TASK DESCRIPTION: Among the entries below, only the lines from the one with "충북 단양군 단성면 소선암" through the one with "Женщина в поле с туманом" are wanted, reproduced exactly. Pictures are not wanted.

LISTED RECORDS:
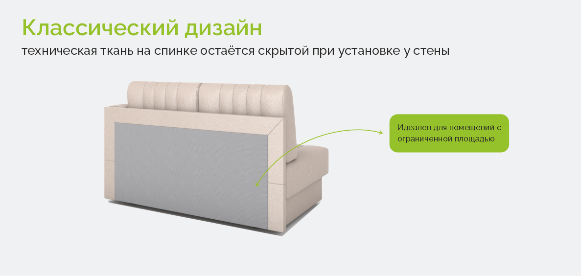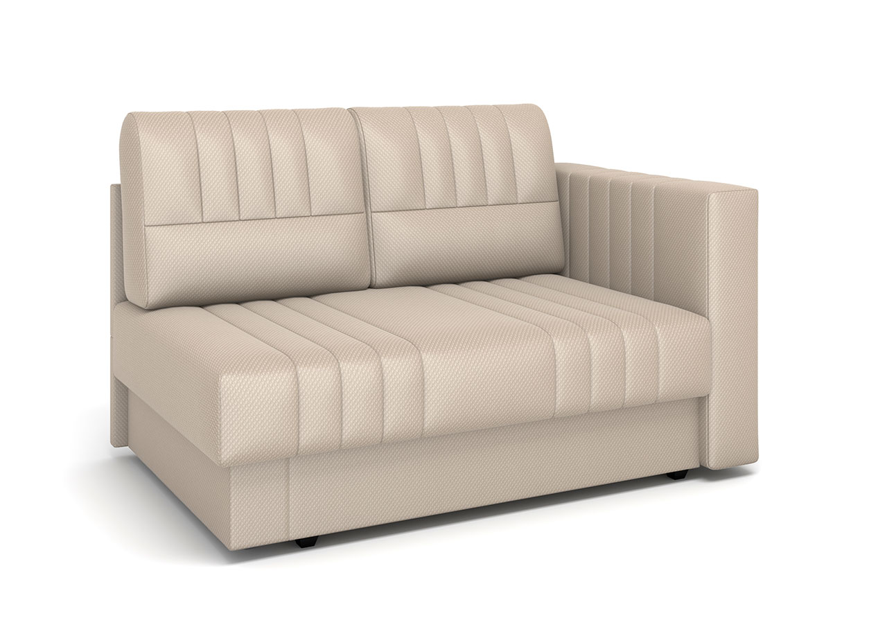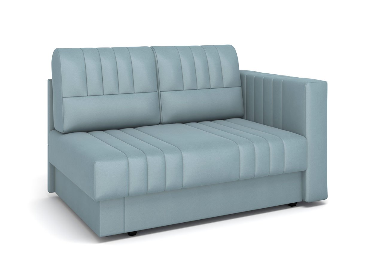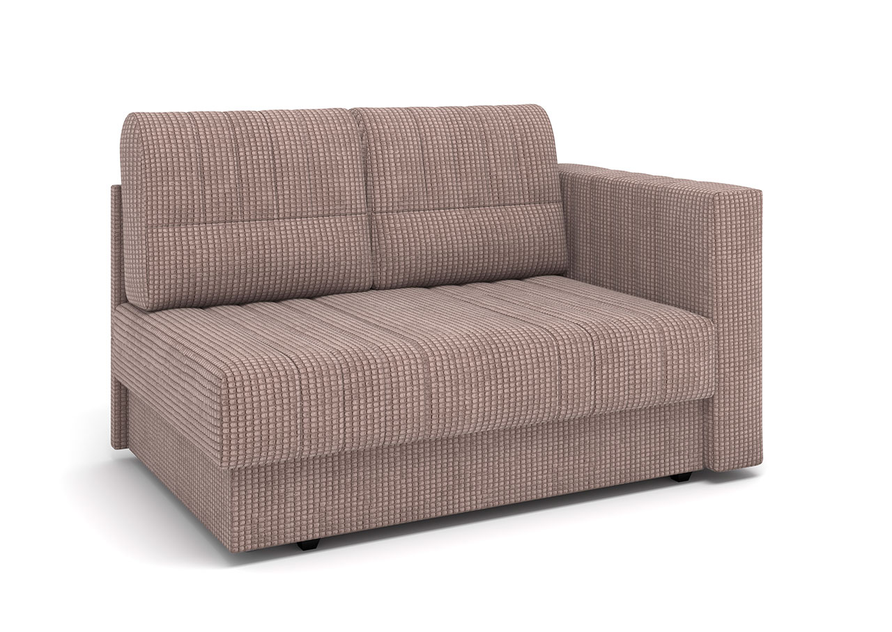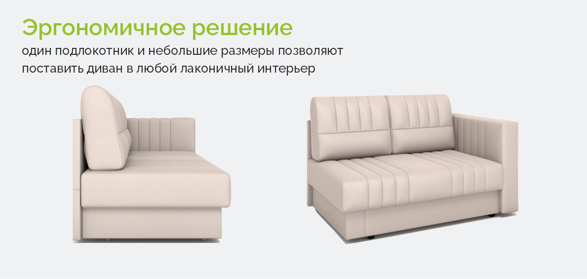 • Один подлокотник и эргономичные размеры позволяют поставить диван в любой лаконичный интерьер. Подлокотник не универсальный
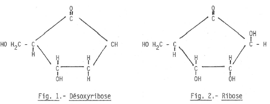 - Dans les nucléotides de l’A.D.N. le sucre est le désoxyribose (fig. 1) tandis que dans l’A.R.N. le sucre est le ribose qui renferme un atome de plus d’oxygène (fig. 2).
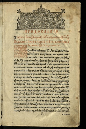 Записи / пометы: Запись 1859 г. о принадлежности книги библиотеке Троице-Сергиевой лавре — тит. л. (чернила); Пробы пера — форзацн. л.; Запись 1767 г. о принадлежности книги библиотеке Троице-Сергиевой лавре — 2-й форзацн. л.
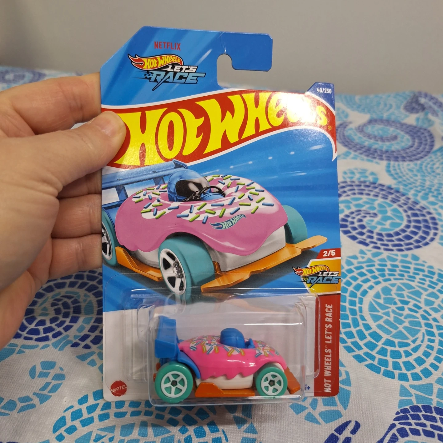 Includes a Batman Classic TV Series Batmobile, a 'Lets Race' donut car, a 2025 Hot Wheels car, and a Halloween-themed Hot Wheels car. All are in their original packaging.
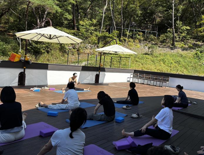 충북 단양군 단성면 소선암 치유의 숲에서 지난 27일 진행된 숲속 요가 프로그램이 성황리에 마무리됐다.
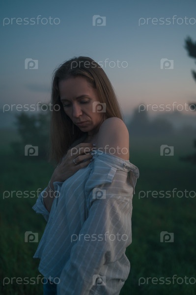 Женщина в поле с туманом
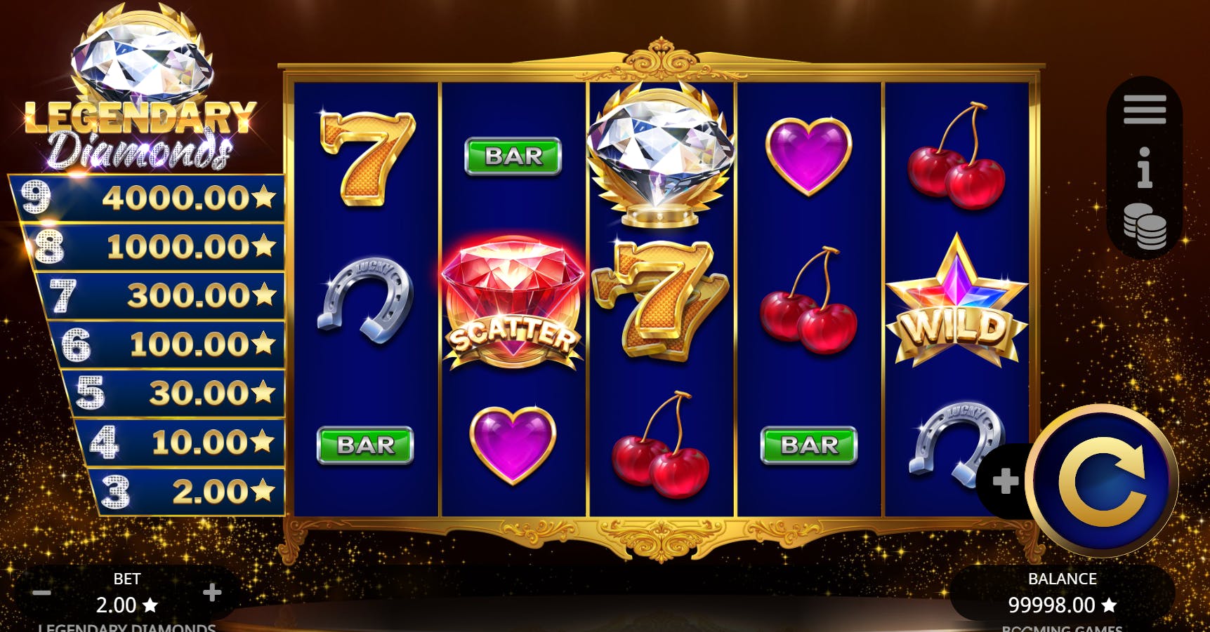 Non capita spesso di trovare delle slot con un gameplay essenziale ma che riescano ad essere anche coinvolgenti. Con Legendary Diamonds il provider Booking Games ci è riuscito. Il layout con 5 rulli e 3 righe ospita 20 linee di pagamento fisse su cui costruire le nostre combinazioni paganti utilizzando diversi simboli. Quelli meno generosi sono la scritta BAR, il ferro di cavallo, le ciliegie e il cuore, mentre nel gruppo dei più remunerativi troviamo le varie tipologie di numeri 7 (singoli, doppi, tripli e quadrupli).
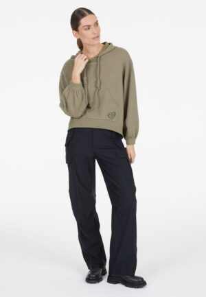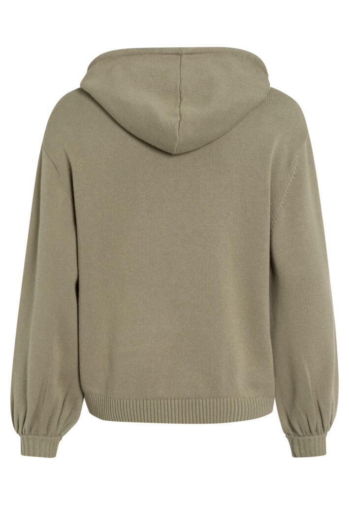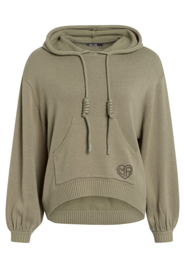 Vācu modes zīmola Marc Aurel adīts brīva piegriezuma sieviešu džemperis dūmakaini sūnu zaļā tonī. Izgatavots no kokvilnas un kašmira maisījuma dzijas. Papildināts ar sasienamu kapuci un rievotu apdari, kā arī mirdzošu zīmola sirdsveida logotipa akcentu uz ķengurkabatas.
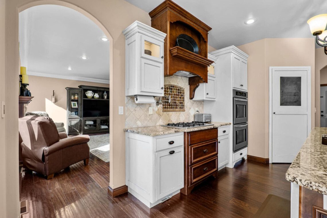 Chef’s Kitchen: Gourmet setup with gas stove, drip coffee maker, whole beans & grinder.
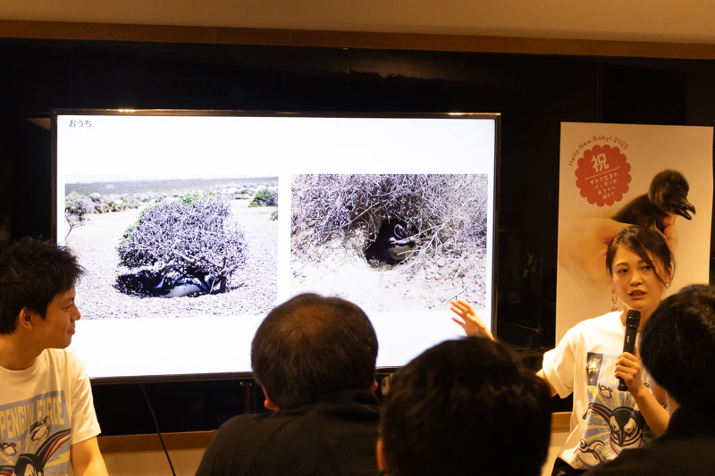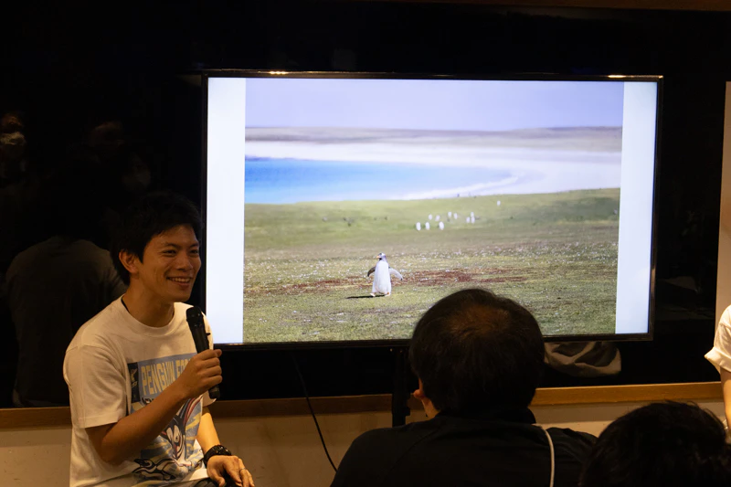 また、同行した研究者から聞いた話として、「19年間同じペアで同じ場所に帰ってきているペンギンがいる」というエピソードも。「水族館では絆が強いのでずっと一緒にいるのは見てきたが、野生下でも半年毎に離れるのに毎年一緒に帰ってくるのはすごい」と感動を語りました。
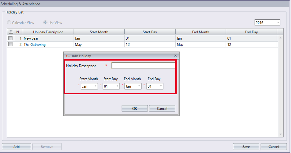 If you are using the List View, you can click on the Add button, and define the Holiday Description and its effective date. |
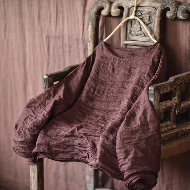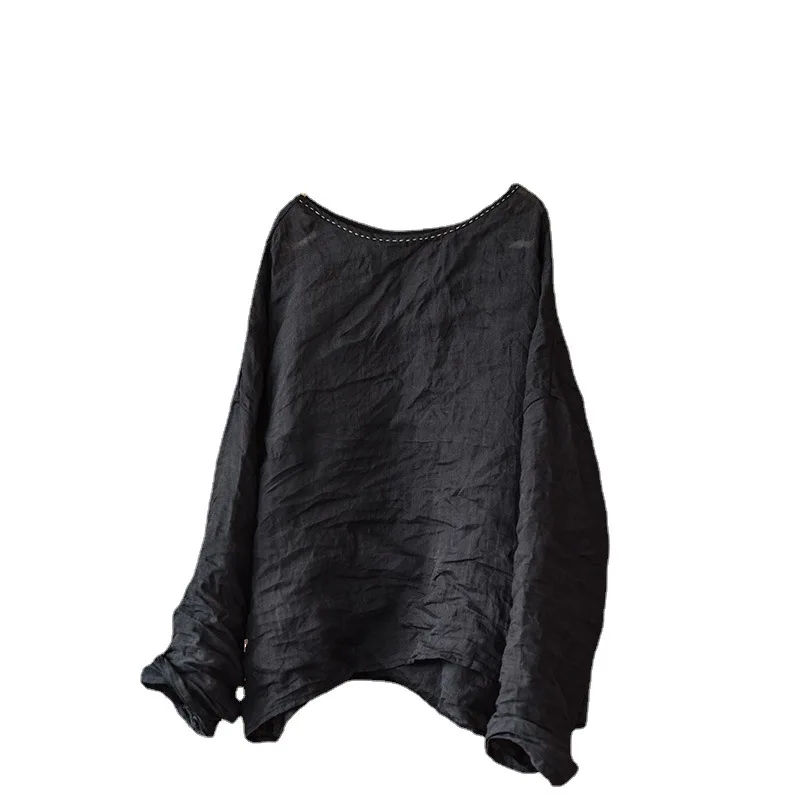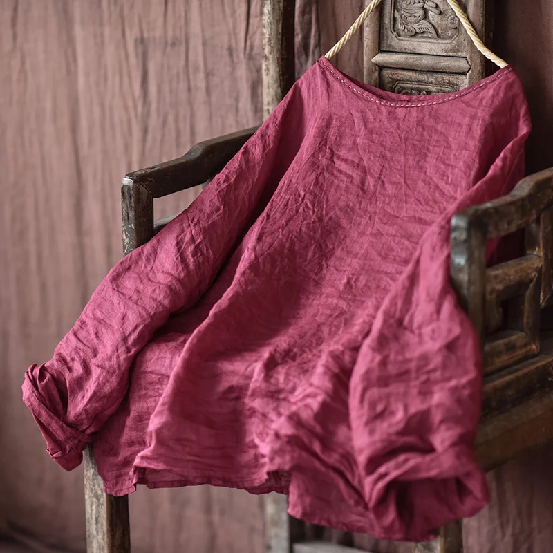 Women T Shirt Cotton Linen Vintage 2024 Spring Long Sleeve Loose Irregular O-Neck Casual Women Solid Color T-Shirts

WRITTEN SOLUTION:
 충북 단양군 단성면 소선암 치유의 숲에서 지난 27일 진행된 숲속 요가 프로그램이 성황리에 마무리됐다.
 Женщина в поле с туманом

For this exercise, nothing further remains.